- Overview
- Features
- Setup Instructions
- Environment Setup
- Getting API Access
- Build and Install the Application on a Physical Device
- Run the Application
This demo application showcases how to integrate a Large Language Model (LLM) with an Android application using the AI Playground. It allows users to query documents in natural language and receive contextually enriched responses based on the content.
- Modular architecture with easily pluggable components for flexibility and customization.
- Seamless integration with AI Playground for intelligent document querying.
- Support for multiple LLM backends, including Cloud AI Playground and Allam Playground.
- Model selection flexibility, allowing users to choose from various AI models based on their needs.
Before proceeding further, please ensure that all the setup steps outlined below are completed in the specified order. These instructions are essential for configuring the various tools required to successfully run the application.
Each section provides a reference to internal documentation for detailed guidance. Please follow them carefully to avoid any setup issues later in the process.
Android Studio is required to develop and run the Android application. Please follow the setup instructions carefully to ensure a consistent and functional development environment.
For detailed steps, refer to the internal documentation:
Set up Android Studio
Git is required for version control and collaboration. Proper configuration ensures seamless integration with repositories and development workflows.
For detailed steps, refer to the internal documentation:
Setup Git
To set up the Python environment required for running the application, follow the steps below. This ensures all dependencies are installed in an isolated and reproducible environment.
-
Create your working directory :
mkdir my_working_directory cd my_working_directory -
Download the Application Source Code :
git clone -n --depth=1 --filter=tree:0 https://github.com/qualcomm/Startup-Demos.git cd Startup-Demos git sparse-checkout set --no-cone /GenAI/Android/InferenceCloudChat git checkout
-
Open the Project in Android Studio: :
- Launch Android Studio.
- Select New -> Import Project
- Navigate to:
cd ./GenAI/Android/InferenceCloudChat
- Allow Gradle to Sync and Download Dependencies: :
- Android Studio will automatically sync Gradle and download necessary dependencies.

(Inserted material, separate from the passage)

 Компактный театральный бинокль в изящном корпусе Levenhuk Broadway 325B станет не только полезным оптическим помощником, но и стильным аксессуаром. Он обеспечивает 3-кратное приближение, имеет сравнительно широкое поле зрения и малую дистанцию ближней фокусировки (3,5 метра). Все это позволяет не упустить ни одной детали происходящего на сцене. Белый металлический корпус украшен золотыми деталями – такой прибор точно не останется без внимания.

- Ensure you have a stable internet connection.
- Wait for the sync to complete.
To use the application features that rely on external AI services, you need to obtain API keys from the respective playgrounds. Follow the instructions below for each platform.
To retrieve your API key for the Cloud AI Playground, refer to the documentation: API Key for Cloud AI Playground
To retrieve your API key for the Cloud AI Playground, refer to the documentation: API Key for Allam Playground
Once you have obtained the keys, make sure to securely store them in your environment configuration or secrets manager as per your project’s security guidelines.

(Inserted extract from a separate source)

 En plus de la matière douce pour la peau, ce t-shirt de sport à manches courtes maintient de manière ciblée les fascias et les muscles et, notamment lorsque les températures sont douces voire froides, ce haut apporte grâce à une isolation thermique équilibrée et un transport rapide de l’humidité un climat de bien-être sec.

- Connect your Android device via USB and enable USB debugging in developer options. - In Android Studio, click Run > Run 'app' or press Shift + F10. - Select your connected device from the list. - Android Studio will build the APK and install it on your device automatically. - Once installed, the app will launch on your device.
To launch the application on your Android device:
📱 Tap the app icon from the app drawer or home screen after installation.
This will start the Android application and allow you to begin interacting with the AI-powered features.
Choose the Large Language Model (LLM) provider you want to use (e.g., CloudAI Playground, Allam Playground, etc.). This determines the backend service that will process your queries.
Enter the API key associated with the selected LLM instance. This is required to authenticate and access the model's capabilities.
After selecting the provider, choose the specific model (e.g., Llama-3.3-70B, Llama-3.1-8B, etc.) that best suits your use case.
✅ Once all configurations are complete, you can begin interacting with the application through the chat interface.